Segment Start: AVAILABLE DATA

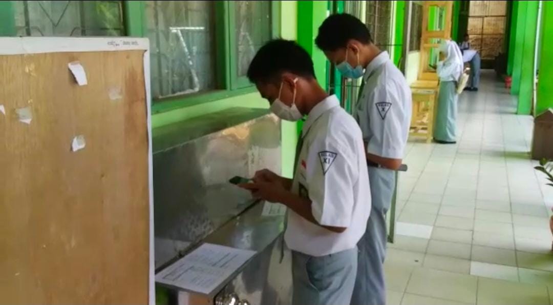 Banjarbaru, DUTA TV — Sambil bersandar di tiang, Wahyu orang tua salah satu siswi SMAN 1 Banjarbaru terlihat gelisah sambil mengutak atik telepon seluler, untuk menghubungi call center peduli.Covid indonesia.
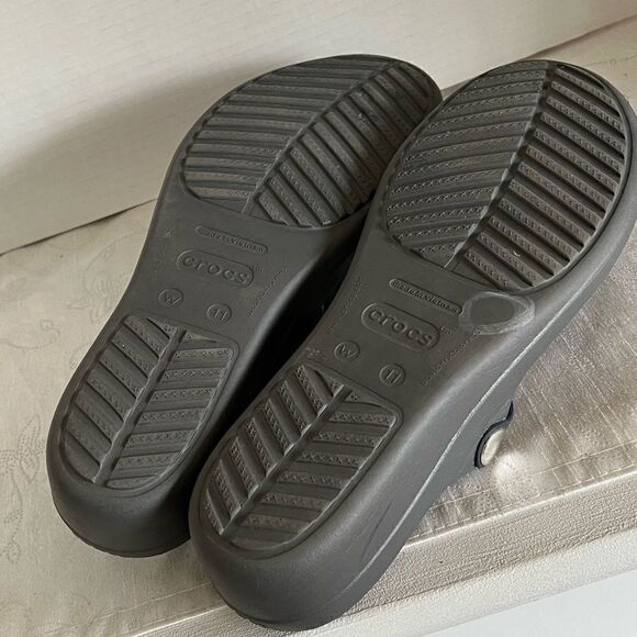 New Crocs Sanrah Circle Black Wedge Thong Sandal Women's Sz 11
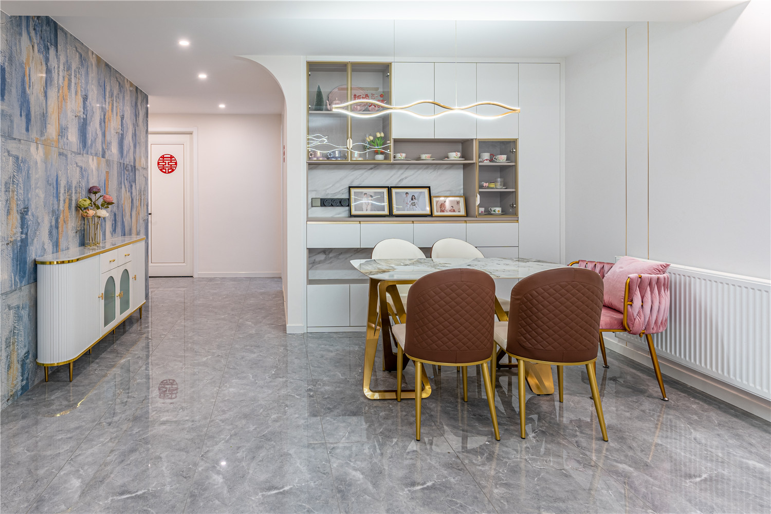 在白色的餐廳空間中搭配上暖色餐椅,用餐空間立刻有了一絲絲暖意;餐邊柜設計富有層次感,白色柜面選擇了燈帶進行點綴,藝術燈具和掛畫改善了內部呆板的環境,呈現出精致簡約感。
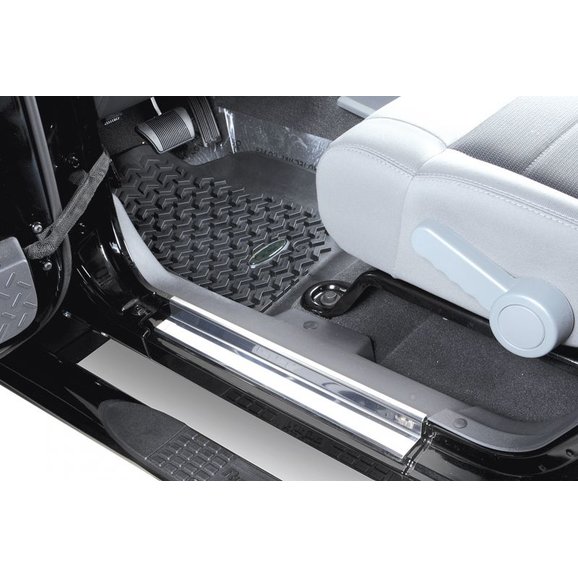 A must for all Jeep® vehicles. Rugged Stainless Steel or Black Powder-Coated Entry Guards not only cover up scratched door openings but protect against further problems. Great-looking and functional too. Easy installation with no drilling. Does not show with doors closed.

Segment End: AVAILABLE DATA

- [WHAT THE EXERCISE ASKS]: Going from the line holding "在白色的餐廳空間中搭配上暖色" to the last line of the data above, reproduce every line exactly, both included, with the pictures omitted.

- [EXERCISE ANSWER]:
 在白色的餐廳空間中搭配上暖色餐椅,用餐空間立刻有了一絲絲暖意;餐邊柜設計富有層次感,白色柜面選擇了燈帶進行點綴,藝術燈具和掛畫改善了內部呆板的環境,呈現出精致簡約感。
 A must for all Jeep® vehicles. Rugged Stainless Steel or Black Powder-Coated Entry Guards not only cover up scratched door openings but protect against further problems. Great-looking and functional too. Easy installation with no drilling. Does not show with doors closed.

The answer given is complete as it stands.